William Roger Dean (born 31 August 1944), known as Roger Dean, is an English artist, designer, and publisher. He began painting posters and album covers for musicians in the late 1960s. The groups for whom he did the most art are the English rock bands Yes and Asia.

The covers often feature exotic fantasy landscapes. His work has sold more than 150 million copies worldwide.

Early life 
William Roger Dean was born on 31 August 1944 in Ashford, Kent. His mother studied dress design at Canterbury School of Art before her marriage and his father was an engineer in the British Army. He has three siblings, brother Martyn and sisters Penny and Philippa. Much of Dean's childhood was spent in Greece, Cyprus, and, from age 12 to 15, Hong Kong, so his father could carry out army duties. Dean was very keen on natural history as a child, and Chinese landscape art and feng shui became particular influences on him during his time in Hong Kong. He has cited landscape, "and the pathways through it", as his greatest influence and source of inspiration.

In 1959, after the family had returned to England, Dean attended Ashford Grammar School followed by his entry in 1961 to the Canterbury College of Art studying silversmithing and furniture design and graduated with a National Diploma in Design. He was removed from a life drawing class by the principal for being "young and impressionable", and was informed he could not take it due to maths and physics being his other subjects, leading a switch to studying industrial design. As the school was trying to become accredited in the subject, Dean bypassed its foundation level course but disliked the way the subject was taught and questioned the teachers as to why people had to live in "boxes" and their response in that "form follows function".
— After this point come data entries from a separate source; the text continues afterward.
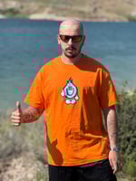 Flame Boi but he is blue so he's super hot fire. 3 color screenprint on 100% cotton orange tee. Ready 2 Ship!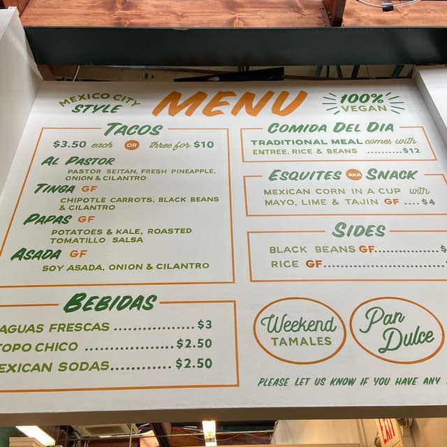 From left to right: Al Pastor, Asada, and Potaoes and Kale. There are zero flaws in this meal. It’s an all-star line up. Perfect score! It’s in a farmer’s market with lots of other food but don’t stray because this makes its mark! And you control the heat with that sauce!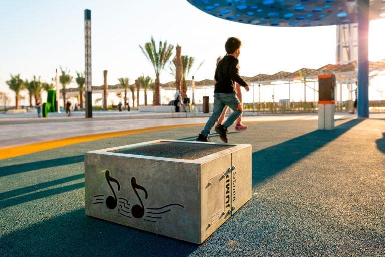 Masdar Park also offers a number of world-class facilities such as a music wall, art installations showcasing sustainability and a children’s playground. Visitors can interact with The Tree of Light which is made from recycled building materials and changes its colour on touch. Moreover, it is possible to charge digital devices and mobile phones at the solar-powered benches in Masdar Park. Besides a picnic area, the development features F&B outlets in solar-powered recycled shipping containers. For outdoor exercise, there is a Al Mamsha trail which is more than 18,000 ft long and offers the latest exercise equipment, which is perfect for walking, biking, fitness sessions and running.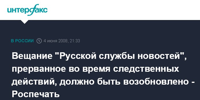 Вещание "Русской службы новостей", прерванное во время следственных действий, должно быть возобновлено - Роспечать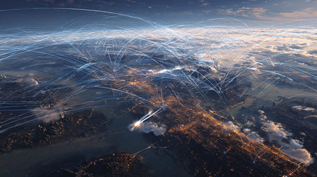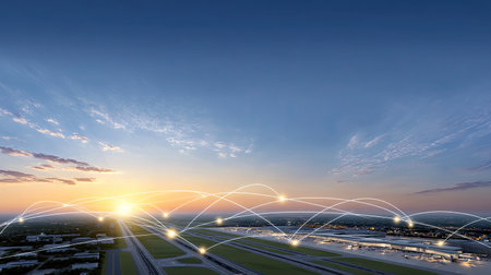 A breathtaking aerial view of an airport at sunset, showcasing a network of light nodes. This image represents global connectivity and the dynamics of travel and communication.

Towards the end of the course at Canterbury, Dean was faced with the option of pursuing either architecture or industrial design; one of his tutors thought neither were for him, and recommended that Dean study at the Royal College of Art in London. He enrolled at the college in 1965 to study furniture design and became a student of Professor David Pye. Among his research was the "psychology of architecture" and what made people feel comfortable in buildings. He did a thesis about "producing a sense of tranquillity in domestic architecture". He graduated from the college in 1968 with a masters first degree honours, and won a silver medal for "work of special distinction". By this time, Dean was interested in "designing the future [...] boxes for people to live in". He considered Rick Griffin's artwork for Aoxomoxoa (1969) by The Grateful Dead as his "first big visual shock" and bought the album prior to owning a record player.

Career

1960s 
Among Dean's first successes was his sea urchin chair design which spawned from his research at the Royal College and completed in 1967. He filed a patent for it in the following year. It has been considered to be a predecessor to the bean bag, whereby the chair compresses and fully adapts to the shape and size of the user. The design was completed when Dean was one of the few students picked from the Royal College to design and make objects in famed designer Cherrill Scheer's factory. The chair remains one of Cherrill's favourite pieces. It is now a part of the permanent collection at the Victoria and Albert Museum.
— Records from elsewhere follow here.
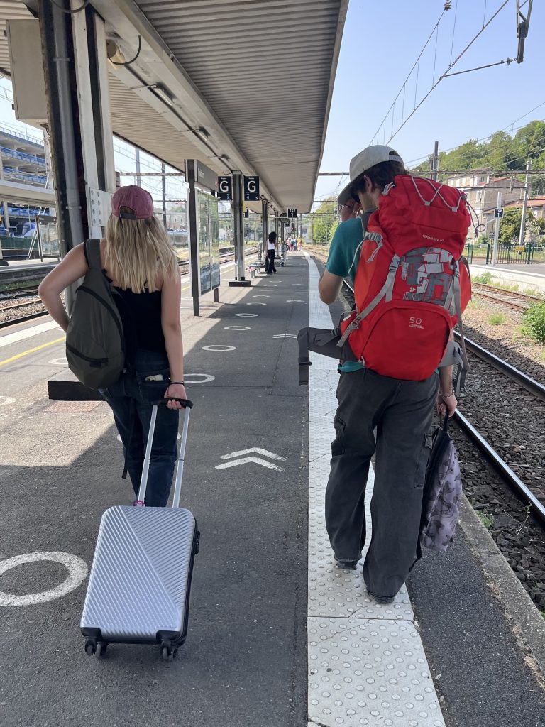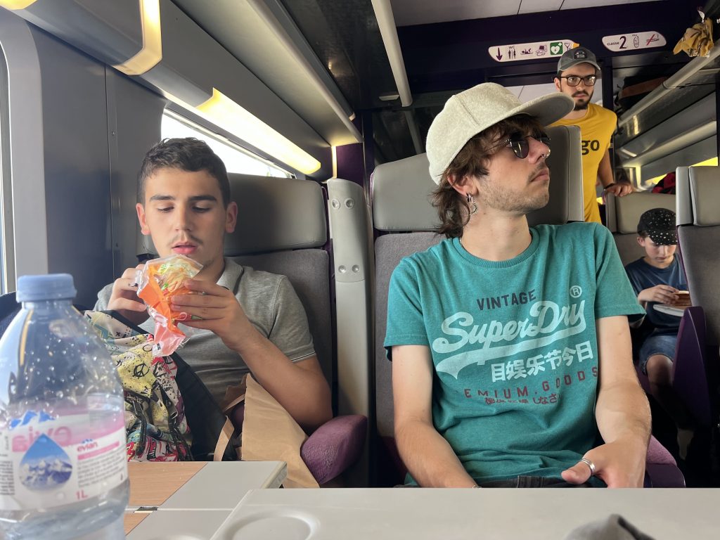 Pour l’heure, nous bouclons notre maison, embrassons le chat vaguement inquiet de tout ce remue-ménage et partons prendre notre train. Pas de bol : dans notre wagon se trouve une colonie de vacances de garçons pré-ados et ados occupés à casser la croûte dans un brouhaha de voix mi-baryton mi- contre ténor dans des effluves de saucisson- camembert ; un trajet féerique qui maintiendra tous nos sens en éveil.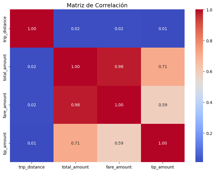 La matriz de correlación muestra una relación muy alta entre total_amount y fare_amount (0.98), una correlación moderada entre tip_amount y fare_amount, y una baja asociación entre trip_distance y los montos, lo que sugiere que la tarifa total está más influida por recargos y componentes fijos que por la distancia recorrida.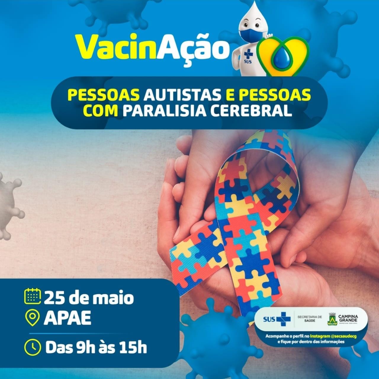 Pessoas com Transtorno do Espectro do Autismo e aquelas que possuem paralisia cerebral, receberão, nesta terça-feira (25), a primeira dose da vacina contra a Covid-19. A vacinação acontecerá de 9 às 15h na Associação dos Pais e Amigos dos Excepcionais (APAE), que fica no bairro do Catolé. É necessário levar laudo comprobatório da condição de saúde, além de documento oficial e cartão do SUS.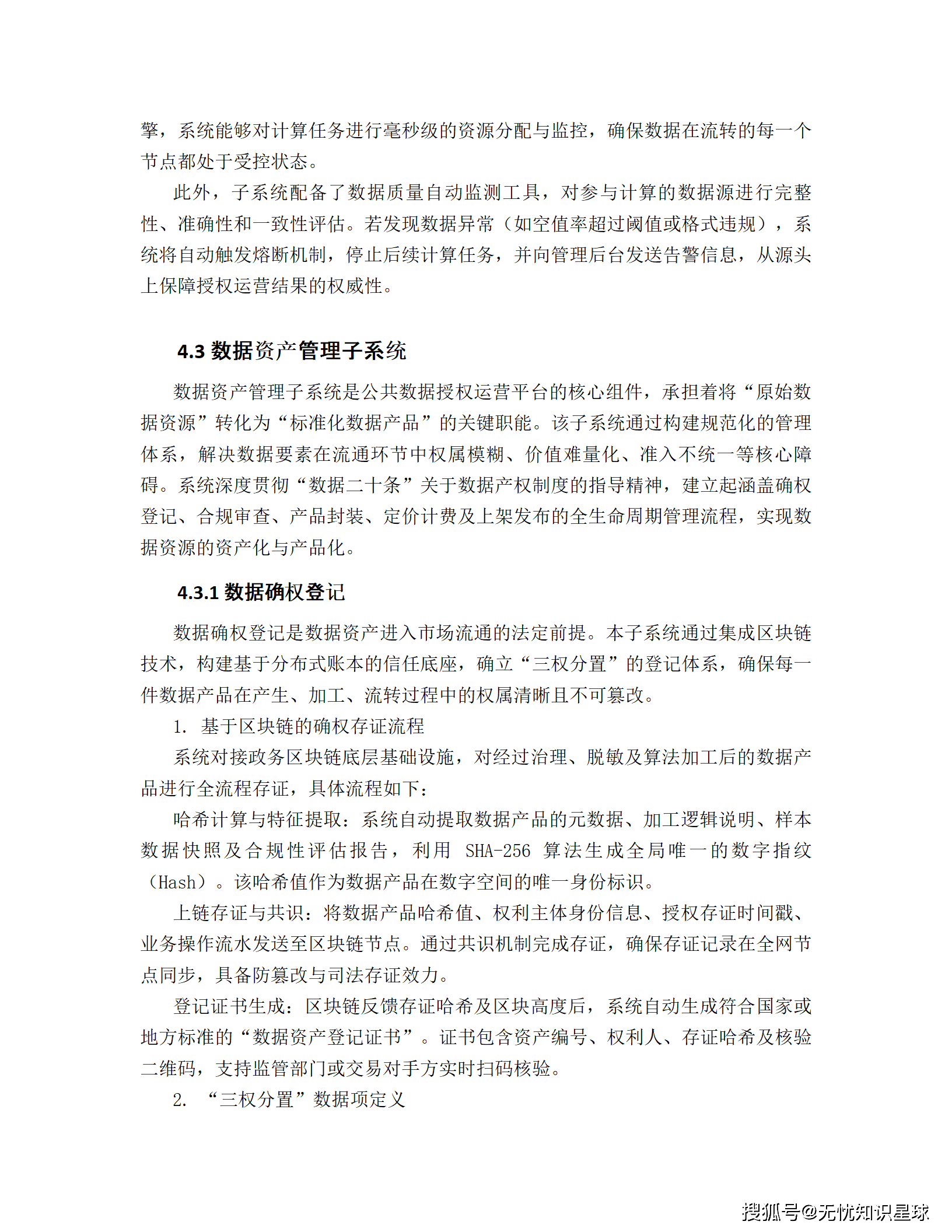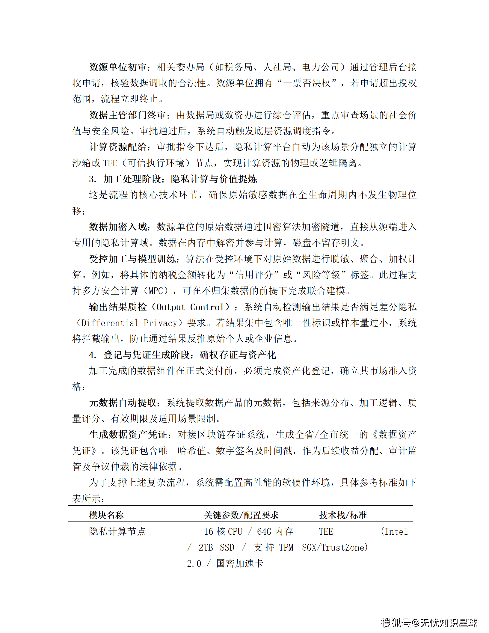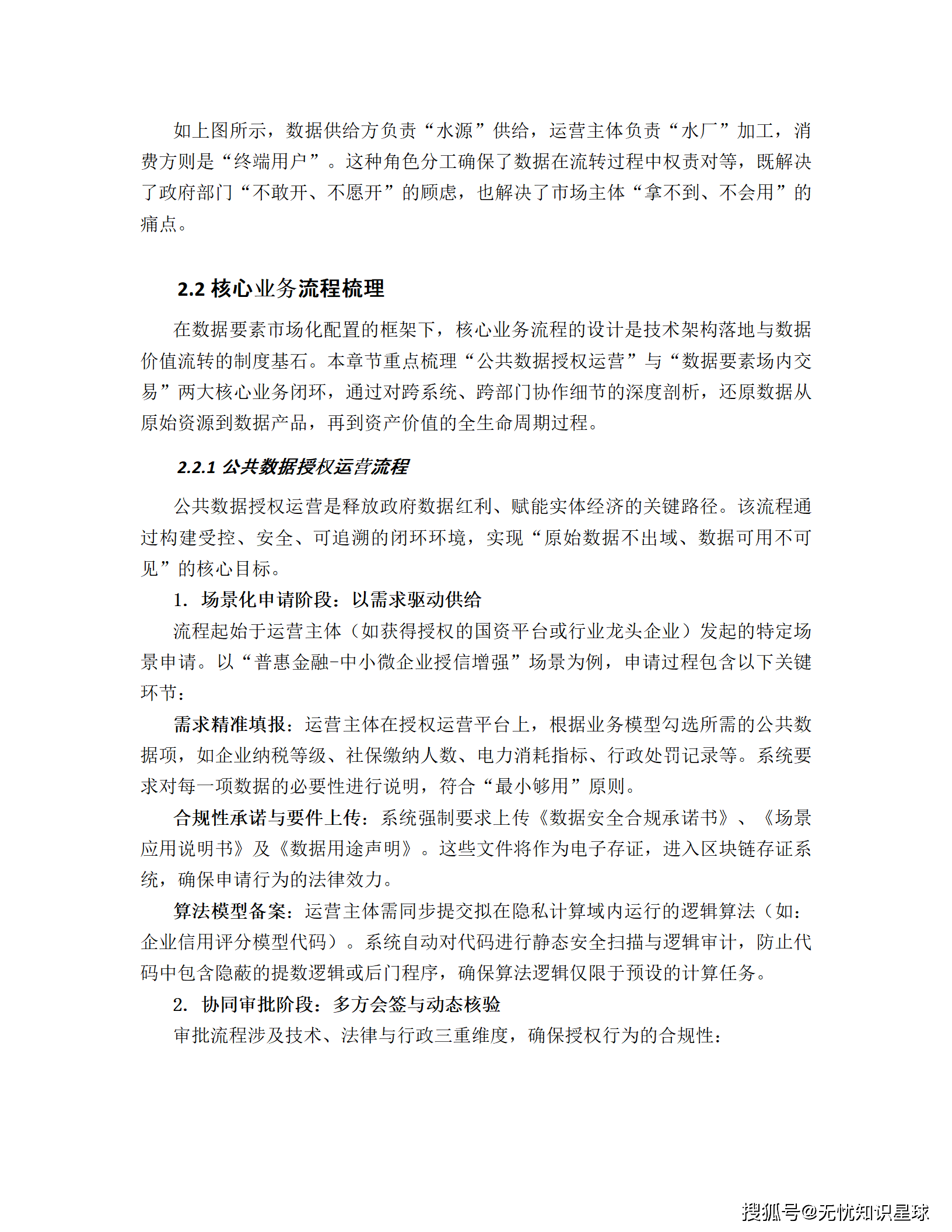 - 公共数据授权运营流程 :场景化申请 :运营主体发起特定场景申请,勾选所需数据项,并提交算法模型备案。协同审批 :数源单位初审 + 数据主管部门终审,确保授权行为合规。加工处理 :在隐私计算沙箱内,原始数据加密入域,进行受控加工,仅输出计算结果。登记与凭证生成:生成包含唯一哈希值的《数据资产凭证》,上链存证,完成资产化。

In 1968, during his third year at the Royal College, Dean was assigned a project which involved the design of a contemporary landscape seating area of the upstairs disco at Ronnie Scott's Jazz Club in Soho. This led to the design of his first album cover, Gun (1968) by rock band Gun, after owner Ronnie Scott asked him to adapt a demonic-themed design that Dean originally made in his sketchbook for his thesis, for the album's cover. Dean agreed, and was paid "around £5,000" for his work. Dean earned more money from the album's cover than he had done with architecture related work, and realised covers took much less effort. He decided to venture into cover design not purely for the money, but its wider audience and its use "as a propaganda tool [...] showing people what might be and what could be". Dean began to pick up work where he could, including covers for various jazz artists for Vertigo Records which he disliked, calling them "austere exercises" and too restrictive for the ideas he wished to convey. The experience led Dean to establish a commission before starting work he wanted to do, leading to a short period of financial hardship. At the same time, he wanted to release a book on architecture but faced rejection from 27 different publishers.

1970s 
Dean designed the logo to the independent label Fly Records in 1970. This led to Dean working on a single for their musician Marc Bolan which involved typesetting the liner notes and lyrics, but Dean had not done the technique before and completed them by hand with the assistance of a graphic designer, in order to show the printing staff where the typesets were to be placed. The positive reaction Dean received from his style of writing led to him handwriting the text for further Bolan singles. This was a similar case for Dean's design for Clear Blue Sky (1970) by Clear Blue Sky, where a painting had been completed except the typesetting, "So to bluff my way through the meeting I had to handwrite it all and hope they would never ask about it". The label's staffers were enthusiastic, which gave Dean the confidence to pursue more handwriting, logo, and graphic work.

By 1971, Dean's desire to produce artwork for rock bands had grown though he continued to pursue architecture and headed a small exhibition of his work in Florence. Following discussions with A&R man David Howells, who had assigned Dean the sleeve for The Gun, Dean agreed to work on the cover of Osibisa (1971) by afrobeat band Osibisa. The design is a result of a brief that Dean described as "credible African fairytale imagery" and features "flying elephants and not architecture", which became an early representation of the style he later achieved fame with. Dean considered the job a breakthrough for his career as the design was made into a poster by the Big 'O' poster company which sold a large number of copies. He later said, "From that point on I could do what I wanted".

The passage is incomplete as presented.